Gov. Hutchinson: It all depends upon the hospitals and the situation that they’re in. It also depends upon the data and information that we’re getting as to where the cases are coming from, which is really a little bit challenging, but I’ve been very encouraged by the hospitals. We’re improving our therapeutics. We are improving our movement of people through the hospital. So that we can free up bed space.
I’m encouraged with the coordination effort that we have in place. I’m hopeful that we can manage that well, and it gives us a little bit of extra rope as we go through Christmas. I’m actually more encouraged in the last couple of days. If we can stick with some discipline through the Christmas season, I think we can make it under. That’s my hope.
TB&P: I know you’re eternally optimistic, but we haven’t done a very good job with self-discipline over Thanksgiving. What makes you think we will do better at Christmas?
Gov. Hutchinson: I think Christmas is going to be challenging, but you’re presenting it sort of like an either/or that if we don’t do well, then what’s going to be the response and what steps do we need to take. That’s the challenge that we’re in that there’s nothing we can do other than encouragement and admonition about what happens in the home environment and what happens in group settings that are out there that we can’t touch.
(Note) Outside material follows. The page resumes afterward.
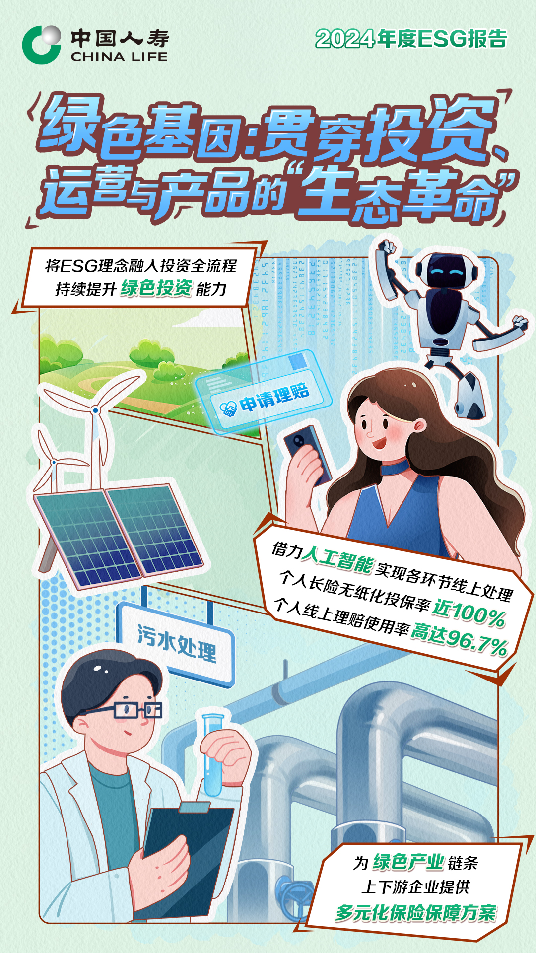 堅(jiān)守綠色發(fā)展理念,中國人壽壽險(xiǎn)公司從產(chǎn)品服務(wù)、投資布局到日常運(yùn)營全面踐行效率、和諧、持續(xù)的發(fā)展目標(biāo)。以綠色保險(xiǎn)助推國家經(jīng)濟(jì)社會的全面綠色轉(zhuǎn)型,持續(xù)為綠色產(chǎn)業(yè)鏈條上下游企業(yè)提供意外、醫(yī)療、壽險(xiǎn)等多元化保險(xiǎn)保障;將ESG理念融入投資全流程,在綠色交通投資、綠色轉(zhuǎn)型投資、綠色鄉(xiāng)村產(chǎn)業(yè)投資和“一帶一路”綠色低碳建設(shè)方面投資多個(gè)項(xiàng)目,持續(xù)釋放綠色金融效能;將低碳理念貫穿于經(jīng)營管理全流程,借力人工智能,實(shí)現(xiàn)各環(huán)節(jié)線上處理,個(gè)人長險(xiǎn)無紙化投保率近100%,個(gè)人線上理賠使用率高達(dá)96.7%,便利客戶服務(wù),實(shí)現(xiàn)綠色低碳運(yùn)營。聚焦“雙碳”目標(biāo),堅(jiān)持守正創(chuàng)新,啟動氣候風(fēng)險(xiǎn)情景分析,搭建壓力測試分析框架,制定應(yīng)對策略,增強(qiáng)公司氣候韌性。
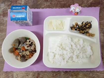 今日のメニューは、筑前煮・ひじき豆・だいこんのゆず風味・ごはん・牛乳でした。

So, I don’t know. We’ll have to wait and see, but it’s difficult to see what action can be taken. You look at other states – every state that had the toughest restrictions through Thanksgiving and beyond that – every state is having a surge in cases. And so, that’s part of the challenge of seeing where government restrictions right now beyond what we have is the answer. I think we’re approaching it the right way and I am hopeful that will work.